Beberapa berpendapat bahwa masyarakat tanpa uang akan membantu orang miskin dengan, misalnya, mengurangi kejahatan dan membuat praktik perburuhan lebih transparan.

Perserikatan Bangsa-Bangsa memimpin sebuah usaha lebih dari perusahaan keuangan 50, yayasan dan pemerintah, termasuk India, untuk mempercepat transisi dari pembayaran tunai ke digital yang khusus dilakukan untuk "mengurangi kemiskinan dan mendorong pertumbuhan inklusif."

Ada beberapa kebenaran untuk ini, dan sementara pertukaran tunai dapat memfasilitasi saling peduli dan bertanggung jawab, kerugian terhadap hubungan patron yang saya jelaskan di atas adalah bahwa uang dapat memfasilitasi praktik eksploitatif atau predator karena berapa banyak pemberi pinjaman dan atasan kontrol memiliki lebih dari satu pekerja. Jadi mungkin bijaksana untuk secara bertahap memindahkan beberapa bentuk pertukaran ke transaksi digital.

Tapi, jika masa depan seperti itu ada, masih jauh, setidaknya di India. Menurut sebuah studi 2014, hanya 10 persen orang India di atas 15 pernah melakukan pembayaran digital. Dan di negara-negara di mana sebagian besar transaksi sudah dilakukan secara digital, ada bukti bahwa ini tidak melayani orang miskin dengan baik.

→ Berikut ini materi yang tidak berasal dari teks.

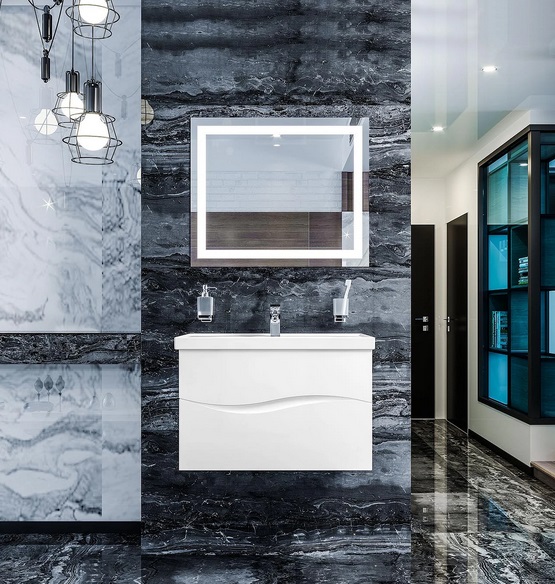 Зеркальные полотна толщиной 4 мм произведены бельгийской компанией «AGС». Покрыты амальгамой на основе серебра, отличаются повышенной влагостойкостью. Пескоструйный рисунок по периметру подсвечивается светодиодами. Зеркала идеально сочетаются с тумбами для умывальников компании «Аква Родос» разных размеров.
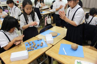 今日の課題は、<ねん土の形をかえたとき、物の重さはかわるだろうか>です。

PercakapanDengan ketidakberdayaan menjadi perbatasan ekonomi baru, dampak dari kebijakan yang dipimpin negara terhadap ekonomi yang bergantung pada uang harus dipertimbangkan secara serius sebelum diperkenalkan tanpa pandang bulu. Pekerjaan saya di India membuat saya percaya bahwa uang tunai memainkan peran penting dalam ekonomi modern kita, terutama di kalangan orang miskin, dan mereka yang mendesak masa depan tanpa uang tunai harus melakukannya dengan sangat hati-hati.

Tentang Penulis

Dana Kornberg, Ph.D. Calon Sosiologi, University of Michigan

Artikel ini awalnya diterbitkan pada Percakapan. Membaca Artikel asli.